5.5 Future Perspectives

A targeted research point of view is desirable to combat environmental stress and reuse natural resources. The impact of stress during the reproductive stages in the field are critical for rain-fed, drought-prone environments. The current omics studies dominate more with the comparative analysis of the differential expression of the stressed plant with respect to wild-type crops. However, focused strategies on proper integration and interpolation of the genomic and proteomic accessible data are emerging exponentially. Specific omics tools will play an important role to widen the window of molecular breeding, genetic-phenotypic mapping, QTLs, hybridization, single-cell genome sequencing, positional cloning, alternatives to gene silencing, transgenic approaches, etc. Future studies would be more specific on tissue, cell line, or growth stages, rather than the whole plant organ with improved dissection and isolation techniques. PTM, protein-protein interactions, protein isoforms, GWAS, and stress markers are the emerging fields of studies, revealing novel candidate genes in response to abiotic stress (Fig. 5.1). This advancement not only would open up new avenues for co-expression and network analysis but are highly recommended to produce high-yielding and stress-resilient crops.

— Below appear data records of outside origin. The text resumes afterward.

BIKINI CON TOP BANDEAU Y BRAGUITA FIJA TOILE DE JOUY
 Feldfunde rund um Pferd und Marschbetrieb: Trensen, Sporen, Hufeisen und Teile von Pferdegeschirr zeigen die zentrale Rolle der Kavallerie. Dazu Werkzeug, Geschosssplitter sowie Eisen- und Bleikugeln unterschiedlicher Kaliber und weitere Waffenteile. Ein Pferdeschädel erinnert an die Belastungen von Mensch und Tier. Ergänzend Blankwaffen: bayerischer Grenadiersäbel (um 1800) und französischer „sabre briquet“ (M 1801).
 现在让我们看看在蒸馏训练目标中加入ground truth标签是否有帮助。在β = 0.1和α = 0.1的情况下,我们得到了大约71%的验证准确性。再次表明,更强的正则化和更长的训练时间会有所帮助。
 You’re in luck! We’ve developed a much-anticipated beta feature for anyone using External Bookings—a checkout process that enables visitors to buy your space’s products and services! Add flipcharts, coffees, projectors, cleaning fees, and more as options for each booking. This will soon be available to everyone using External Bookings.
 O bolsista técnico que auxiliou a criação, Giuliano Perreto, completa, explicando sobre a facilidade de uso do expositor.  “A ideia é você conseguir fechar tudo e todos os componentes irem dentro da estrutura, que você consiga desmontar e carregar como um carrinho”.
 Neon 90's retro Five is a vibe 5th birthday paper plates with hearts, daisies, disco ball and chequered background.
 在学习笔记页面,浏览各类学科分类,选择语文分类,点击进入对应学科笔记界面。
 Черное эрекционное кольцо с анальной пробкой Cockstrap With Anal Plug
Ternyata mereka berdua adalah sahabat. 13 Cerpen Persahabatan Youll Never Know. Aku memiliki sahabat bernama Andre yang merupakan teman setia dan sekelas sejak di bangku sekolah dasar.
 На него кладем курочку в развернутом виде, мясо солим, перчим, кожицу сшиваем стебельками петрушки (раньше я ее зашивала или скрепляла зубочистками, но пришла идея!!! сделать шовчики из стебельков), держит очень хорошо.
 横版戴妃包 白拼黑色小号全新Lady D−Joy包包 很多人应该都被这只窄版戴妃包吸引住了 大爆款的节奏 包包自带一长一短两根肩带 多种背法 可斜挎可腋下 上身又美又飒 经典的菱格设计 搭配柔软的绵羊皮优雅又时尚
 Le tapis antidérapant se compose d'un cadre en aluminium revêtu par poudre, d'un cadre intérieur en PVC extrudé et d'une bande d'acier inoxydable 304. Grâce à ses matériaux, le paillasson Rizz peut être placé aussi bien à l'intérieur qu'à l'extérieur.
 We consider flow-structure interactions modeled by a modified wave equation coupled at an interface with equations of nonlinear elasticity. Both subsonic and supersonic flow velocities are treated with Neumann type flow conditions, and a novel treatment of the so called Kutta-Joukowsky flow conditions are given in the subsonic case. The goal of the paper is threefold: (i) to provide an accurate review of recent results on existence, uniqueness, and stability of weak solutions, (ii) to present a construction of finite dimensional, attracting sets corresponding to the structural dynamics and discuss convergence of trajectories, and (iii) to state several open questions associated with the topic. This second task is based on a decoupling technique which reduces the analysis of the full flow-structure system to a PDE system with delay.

Omics is an essential step toward accelerating such breeding initiatives throughout the world, which may provide massive insight into stress physiology and metabolism. Identification of novel genes controlling stress tolerance can increase crop yield. It has been reported that drought and salinity hit crop productivity more severely. Hence, in-depth attention is required for the characterization of the traits, compatibility evaluation, and development of stress-resilient crops under various environmental conditions. Both environmental stress and population growth has put alarming pressure on plant breeders. It is becoming increasingly evident that crop development must rely on omics tools for gene identification and high-yielding germplasms to ensure future food security across the world.